• About this exercise
Set down each line of the data exactly, but not the pictures.

• Stored data
──────────────────────────────

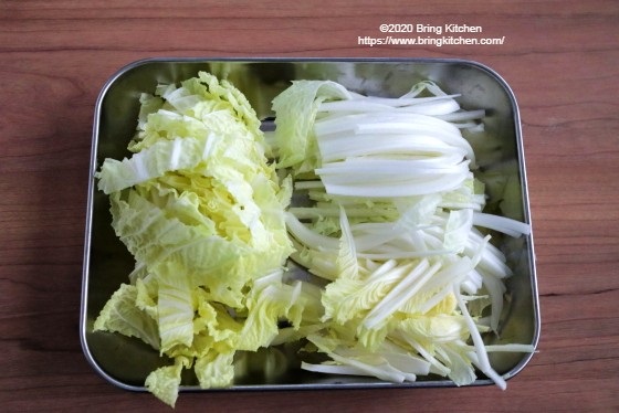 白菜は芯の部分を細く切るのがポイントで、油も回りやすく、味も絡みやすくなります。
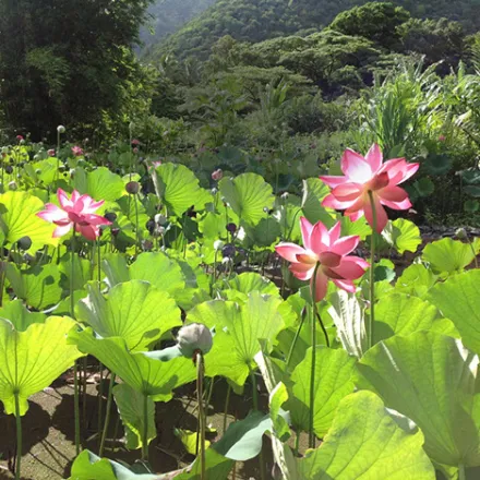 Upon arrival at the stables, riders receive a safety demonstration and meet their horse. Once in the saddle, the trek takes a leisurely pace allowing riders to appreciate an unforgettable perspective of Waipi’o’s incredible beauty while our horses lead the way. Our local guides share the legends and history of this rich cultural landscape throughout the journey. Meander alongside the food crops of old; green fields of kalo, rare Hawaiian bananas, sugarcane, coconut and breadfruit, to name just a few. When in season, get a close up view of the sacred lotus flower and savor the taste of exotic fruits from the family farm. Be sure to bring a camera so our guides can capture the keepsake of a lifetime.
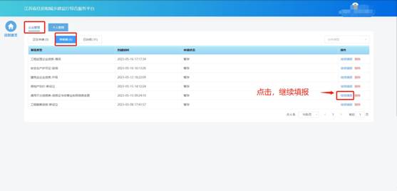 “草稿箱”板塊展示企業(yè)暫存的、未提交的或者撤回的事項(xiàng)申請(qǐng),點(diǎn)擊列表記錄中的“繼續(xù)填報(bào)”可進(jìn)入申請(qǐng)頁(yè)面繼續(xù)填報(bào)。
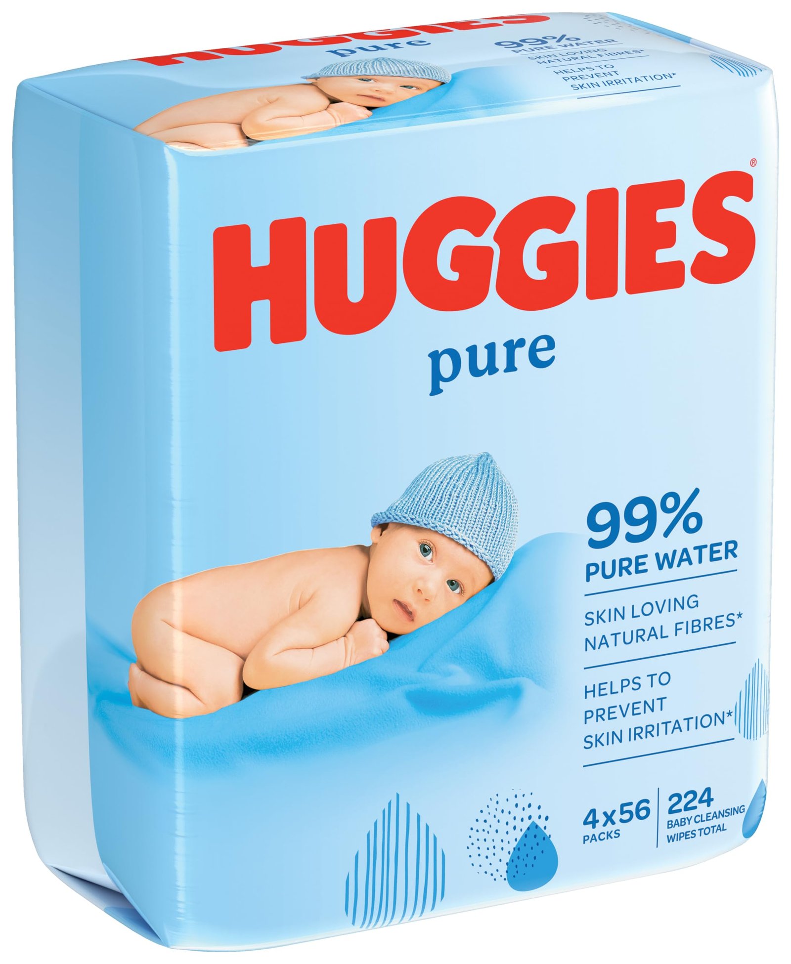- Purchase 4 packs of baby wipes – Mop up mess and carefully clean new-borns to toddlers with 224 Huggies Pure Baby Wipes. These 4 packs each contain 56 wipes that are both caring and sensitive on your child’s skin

──────────────────────────────

• Response
 白菜は芯の部分を細く切るのがポイントで、油も回りやすく、味も絡みやすくなります。
 Upon arrival at the stables, riders receive a safety demonstration and meet their horse. Once in the saddle, the trek takes a leisurely pace allowing riders to appreciate an unforgettable perspective of Waipi’o’s incredible beauty while our horses lead the way. Our local guides share the legends and history of this rich cultural landscape throughout the journey. Meander alongside the food crops of old; green fields of kalo, rare Hawaiian bananas, sugarcane, coconut and breadfruit, to name just a few. When in season, get a close up view of the sacred lotus flower and savor the taste of exotic fruits from the family farm. Be sure to bring a camera so our guides can capture the keepsake of a lifetime.
 “草稿箱”板塊展示企業(yè)暫存的、未提交的或者撤回的事項(xiàng)申請(qǐng),點(diǎn)擊列表記錄中的“繼續(xù)填報(bào)”可進(jìn)入申請(qǐng)頁(yè)面繼續(xù)填報(bào)。
- Purchase 4 packs of baby wipes – Mop up mess and carefully clean new-borns to toddlers with 224 Huggies Pure Baby Wipes. These 4 packs each contain 56 wipes that are both caring and sensitive on your child’s skin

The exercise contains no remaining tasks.